[llvm] [MachineLICM] Correctly Apply Register Masks (PR #95746)

Mon Jun 17 04:05:52 PDT 2024

================
@@ -426,38 +426,25 @@ static bool InstructionStoresToFI(const MachineInstr *MI, int FI) {
 static void applyBitsNotInRegMaskToRegUnitsMask(const TargetRegisterInfo &TRI,
                                                 BitVector &RUs,
                                                 const uint32_t *Mask) {
-  // Iterate over the RegMask raw to avoid constructing a BitVector, which is
-  // expensive as it implies dynamically allocating memory.
-  //
-  // We also work backwards.
+  BitVector ClobberedRUs(TRI.getNumRegUnits(), true);
   const unsigned NumRegs = TRI.getNumRegs();
   const unsigned MaskWords = (NumRegs + 31) / 32;
   for (unsigned K = 0; K < MaskWords; ++K) {
-    // We want to set the bits that aren't in RegMask, so flip it.
-    uint32_t Word = ~Mask[K];
-
-    // Iterate all set bits, starting from the right.
-    while (Word) {
-      const unsigned SetBitIdx = countr_zero(Word);
-
-      // The bits are numbered from the LSB in each word.
-      const unsigned PhysReg = (K * 32) + SetBitIdx;
-
-      // Clear the bit at SetBitIdx.

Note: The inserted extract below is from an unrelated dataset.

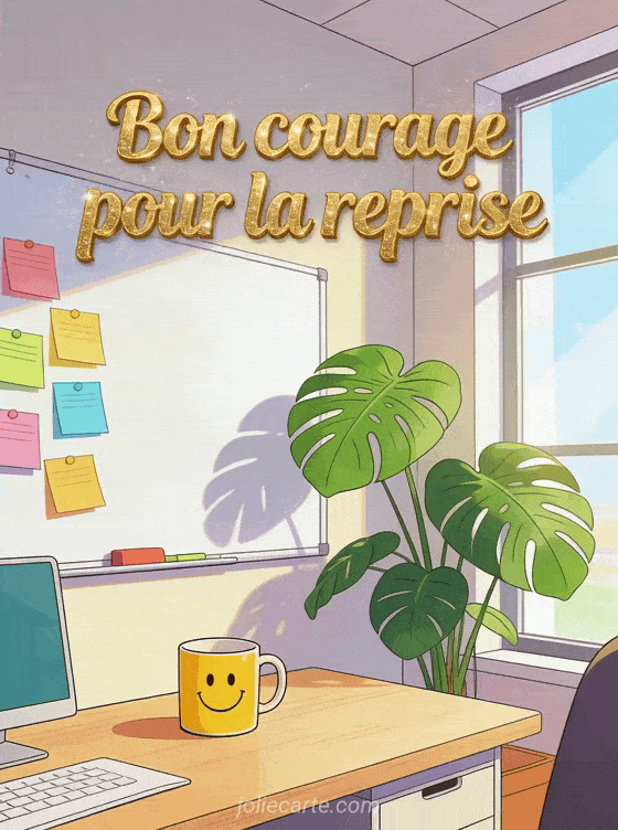 Partagez une image de bon courage pour la reprise et montrez votre soutien à vos proches qui reprennent le travail. Découvrez aussi un bon courage pour ta semaine, un bon courage aux travailleurs ou un bon courage au boulot avec humour.

Doing it this way appears to generate less
-      // instructions on x86. This works because negating a number will flip all
-      // the bits after SetBitIdx. So (Word & -Word) == (1 << SetBitIdx), but
-      // faster.
-      Word ^= Word & -Word;
-
+    uint32_t Word = Mask[K];
----------------
jayfoad wrote:

If you're interested in the compile time impact you could try skipping the inner loops if `Word` is 0 here.

https://github.com/llvm/llvm-project/pull/95746